Background and Aims: Clonal haematopoiesis of indeterminate potential (CHIP) has been associated with cardiovascular risk, but its prognostic relevance and mechanistic role in coronary artery disease (CAD) remains incompletely understood. This study investigated the association between CHIP and all-cause mortality in CAD and explored the cellular and molecular mechanisms, focusing on TET2 mutations.

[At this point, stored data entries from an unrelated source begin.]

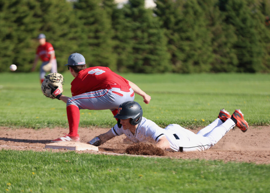 - OBSERVER Photo by Ashleigh Brown Fredonia’s Matt Cowan slides back to first base behind Salamanca first baseman Nolan Seeley in Chautauqua-Cattaraugus Athletic Association Division 1 action Wednesday at Fredonia High School.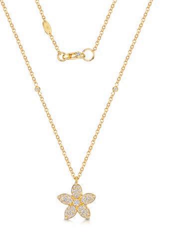 This pretty feminine fl ower pendant has been cra ed from luxurious 18ct yellow gold and executed with a stunning surface polish to enhance the fi re and brilliance of each chosen stone. berrysjewellers.co.uk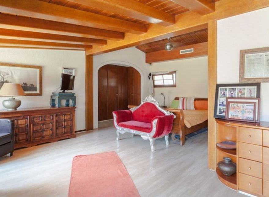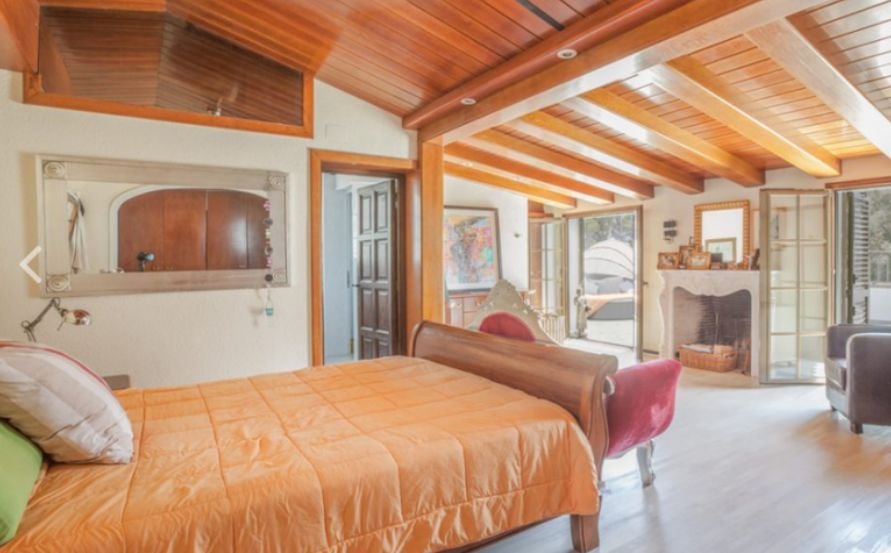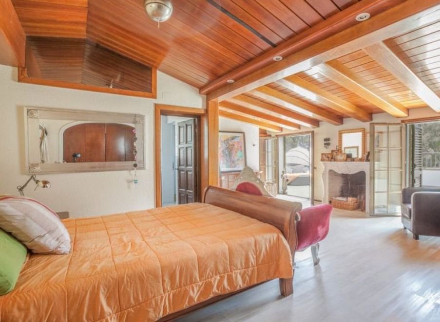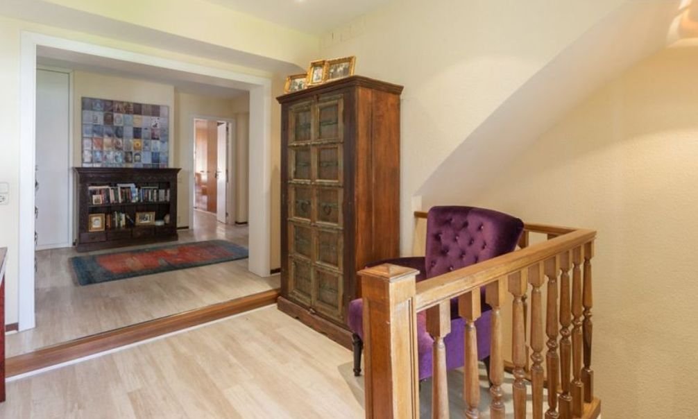 Красивая деревянная лестница ведет на второй этаж, где можно найти ещё три спальни, в главной комнате есть встроенные шкафы, выход на просторную террасу, камин и полностью оборудованную ванную комнату. Две другие спальни двухместные, они тоже оснащены встроенными шкафами. На этаже также есть просторная ванная комната с джакузи.

Methods: Targeted deep sequencing of 13 CHIP driver genes in 8,612 patients with angiographically confirmed CAD was performed. Clonal haematopoiesis of indeterminate potential carriers (variant allele frequency ≥2%) were propensity-score matched 1:1 to non-carriers. Mortality was assessed over 3 years. Mechanistic insights were derived from post-mortem high- sensitivity plaque proteomics (MISSION), RNA sequencing from carotid plaques (Athero-Express), monocyte-derived macrophage transcriptomes (STARNET), and CRISPR/Cas9-generated TET2+/− macrophages in vitro.

Results: Clonal haematopoiesis of indeterminate potential was associated with increased 3-year mortality (hazard ratio 1.39, 95% conf idence interval 1.16–1.65, P < 0.001) in 2,389 matched pairs. Mutations in TET2, ASXL1, DNMT3A, JAK2, PPM1D, SF3B1, SRSF2, and U2AF1 individually conferred higher mortality risk. In human plaques, CHIP mutations were found in lesional macrophages. TET2 CHIP carriers showed increased necrotic core size, inflammation, and reduced plaque stability. Multi-omics profiling revealed up-regulation of lipid metabolism and inflammatory pathways. TET2+/− macrophages exhibited increased LDLR expression and lipid uptake, linked to enhanced chromatin accessibility at the LDLR promoter. These findings were confirmed in carotid plaques, which showed increased LDLR and inflammasome-related gene expression in TET2 CHIP carriers.

Conclusions: Clonal haematopoiesis of indeterminate potential is a predictor of mortality in CAD patients. TET2 mutations promote a pro-atherogenic macrophage phenotype via LDLR up-regulation and inflammatory activation, linking epigenetic dysregulation to adverse outcomes in CAD.